▶ **YOUR INSTRUCTIONS**
Retype, exactly as they appear below, the lines between the line holding "Il fondo semitrasparente" and the line holding "假设有一张32×32×3维度", both ends included.

**** RECORDS SHOWN

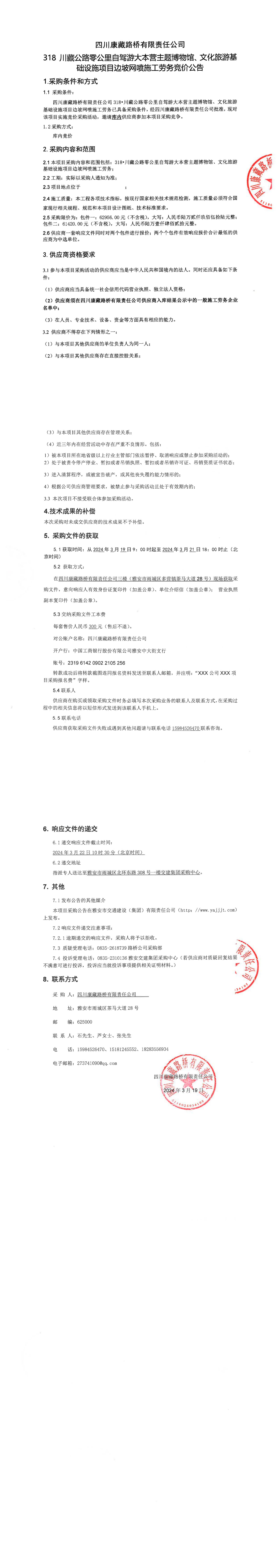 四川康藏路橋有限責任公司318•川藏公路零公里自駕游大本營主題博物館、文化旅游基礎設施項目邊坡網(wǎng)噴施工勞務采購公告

********
**** RECORDS SHOWN

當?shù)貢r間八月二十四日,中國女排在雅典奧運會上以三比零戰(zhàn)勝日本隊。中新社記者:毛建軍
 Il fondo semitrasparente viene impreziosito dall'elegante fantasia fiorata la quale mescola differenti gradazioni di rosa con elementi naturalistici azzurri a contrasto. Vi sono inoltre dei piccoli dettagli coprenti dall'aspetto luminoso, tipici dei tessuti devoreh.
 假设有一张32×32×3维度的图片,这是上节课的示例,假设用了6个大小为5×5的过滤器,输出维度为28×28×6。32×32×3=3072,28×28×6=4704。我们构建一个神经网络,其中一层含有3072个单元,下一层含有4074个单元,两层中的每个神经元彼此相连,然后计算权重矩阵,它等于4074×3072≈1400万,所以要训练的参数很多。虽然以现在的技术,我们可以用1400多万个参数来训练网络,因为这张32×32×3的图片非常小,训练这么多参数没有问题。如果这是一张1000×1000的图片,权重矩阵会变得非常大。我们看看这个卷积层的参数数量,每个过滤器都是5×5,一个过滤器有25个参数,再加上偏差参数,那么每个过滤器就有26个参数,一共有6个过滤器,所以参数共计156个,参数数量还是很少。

********

▶ **EXPECTED ANSWER**
 Il fondo semitrasparente viene impreziosito dall'elegante fantasia fiorata la quale mescola differenti gradazioni di rosa con elementi naturalistici azzurri a contrasto. Vi sono inoltre dei piccoli dettagli coprenti dall'aspetto luminoso, tipici dei tessuti devoreh.
 假设有一张32×32×3维度的图片,这是上节课的示例,假设用了6个大小为5×5的过滤器,输出维度为28×28×6。32×32×3=3072,28×28×6=4704。我们构建一个神经网络,其中一层含有3072个单元,下一层含有4074个单元,两层中的每个神经元彼此相连,然后计算权重矩阵,它等于4074×3072≈1400万,所以要训练的参数很多。虽然以现在的技术,我们可以用1400多万个参数来训练网络,因为这张32×32×3的图片非常小,训练这么多参数没有问题。如果这是一张1000×1000的图片,权重矩阵会变得非常大。我们看看这个卷积层的参数数量,每个过滤器都是5×5,一个过滤器有25个参数,再加上偏差参数,那么每个过滤器就有26个参数,一共有6个过滤器,所以参数共计156个,参数数量还是很少。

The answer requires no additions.